Nine bulls were delivered to San Antonio Valley, a 3,000-acre preserve on the eastern edge of the Henry W. Coe State Park. They’ll mingle with an existing herd of about 150 tule elk that were reintroduced to the area a few decades ago. As part of a smaller herd, the new bulls will have an easier time getting enough to eat, despite drought conditions that have made it harder for grazing animals to find good forage all across the state.
Now that the number of tule elk are on the upswing, Hobbs said the state is developing a new management plan for the animals. Mountain lions and coyotes don’t keep the population in check. While wild elk might only make it to their early teens, cows leading less stressful lives on managed lands can live into their early 20’s and produce a calf every year. Although birth control has been tested in some herds, it’s not a foolproof method. Most herds are now managed by relocation or culling with a set number of hunting licenses allocated each year, depending on the population and location.
But culling and relocation options don’t exist for managing all the tule elk herds. The animals in the 500-plus herd at Point Reyes have to stay put. There, a microscopic predator that causes chronic wasting, called Johne’s disease, prohibits any of the elk from being shipped outside the area.
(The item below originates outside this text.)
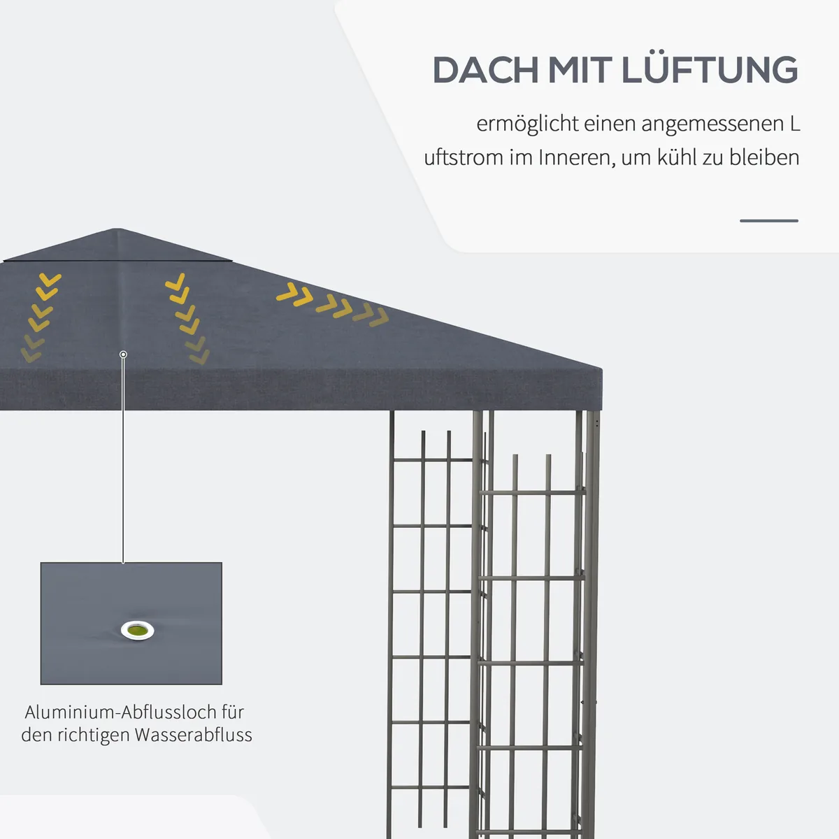 Ši „Outsunny“ 3 m x 3 m pavėsinė yra puikus būdas papuošti savo lauko erdvę elegancija ir sukurti atpalaiduojančią poilsio zoną. Sodo paviljonas siūlo saugią apsaugą nuo saulės karštomis vasaros dienomis, o tvirtas plieninis rėmas užtikrina didelį stabilumą ir stabilumą. Stogas pagamintas iš padengto poliesterio, jame yra ventiliacijos anga ir aštuonios kanalizacijos angos lietaus vandeniui nutekėti. Dabar niekas netrukdo jūsų sodo vakarėliui!
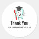 Gracias pegatinas con un ilustracion de un gran diente blanco al estilo personalizado sonriendo alegremente sosteniendo un cepillo de dientes rojo y dando el pulgar hacia arriba. El diente lleva puesto un gorro negro de graduación.

The tiny foe, the Mycobacterium avium ss. paratuberculosis, infects the intestinal lining of cattle and other ruminants such as elk, deer, and sheep. The hardy bacteria is shed in manure and then can persist in the soil for years. Even though the disease was discovered in cattle more than a century ago, there is still no cure for it. So no one wants to risk moving the disease around the state along with the elk.
Still, the success story is the fact that tule elk remain in Central California, said Hobbs. Now the goal is to keep the herds going and minimize conflict wherever they roam.
San Antonio Valley Ecological Preserve is not open to the public except for special events. The San Luis National Wildlife Refuge in Los Banos is open year-round and tule elk can be seen via the auto-tour route.Tule elk can also be viewed at CDFW’s Grizzly Island Wildlife Area, the Tupman Tule Elk State Preserve, and Point Reyes National Seashore.